Ant Metamorphosis

Here’s an image for the textbooks:

gracilis2Ants, like butterflies, pass through egg, larva, and pupa phases on their way to adulthood. While in Florida earlier in this summer I found a nest of the twig ant Pseudomyrmex gracilis with brood present in all stages, providing the material to make these images.

The key was placing the developing ants on a glass slide.  This provided distance between them and the cardboard background, so that the backdrop is blurred while the insects remain in sharp focus.  These images are not what I’d call fine art, but I’m happy with them as solid illustrations of ant biology.


photo details (both photos): Canon mp-e 65mm 1-5x macro lens on a Canon EOS 50D
ISO 100, f/11, 1/160 sec, twin flash diffused through tracing paper

17 thoughts on “Ant Metamorphosis”

  1. James C. Trager

    For some reason, my first response to this is it makes me think that someone needs to write an introductory (i.e., children’s) book on ants with modern concepts and illustrated with modern fine photography. This could be a great inclusion in such.

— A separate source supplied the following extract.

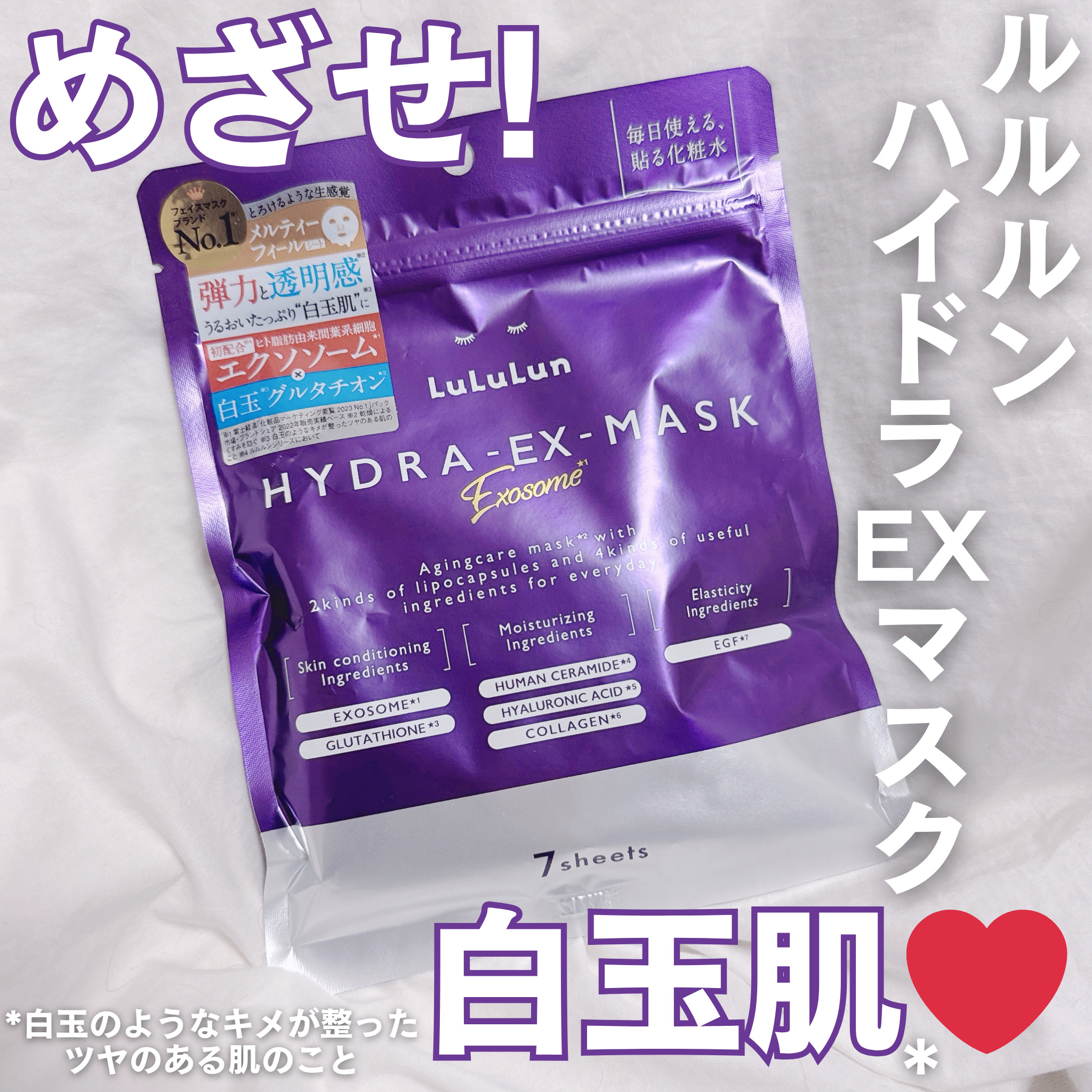 - ルルルンハイドラシリーズから新登場。うるおいにプラスするのは、「エクソソーム*1」。先端再生テクノロジーにインスパイアされた、デイリーエイジングケア※1マスクです。白玉※2グルタチオン*2をプラス配合し、弾力・透明感※3・つやめきのあるなめらかなお肌へ導きます。 (*1 整肌成分 ヒト脂肪由来間葉系細胞エクソソーム *2 整肌成分 グルタチオン、アルブチン、レシチン ※1 年齢に応じて肌へうるおいと弾力を与えるケアのこと ※2 白玉のようなキメが整ったツヤのある肌のこと ※3 うるおいを与えて、乾燥によるくすみを防ぐ)

  2. The only thing it lacks is a queen laying eggs. 🙂 Also mating ants. 🙂
    You should make some photos of the XXX action of the ant world. 🙂

  3. that’s wonderful work and many thanks for sharing……..this is first time i am seeing different stages of ant life cycle…….all famous text books usually carry drosophila or butterfly images ………………is it possible to have a higher resolution of these images???


  4. I am still a college student majoring in Entomology. This is really awesome! Love your pictures and specific knowledge related to this microworld.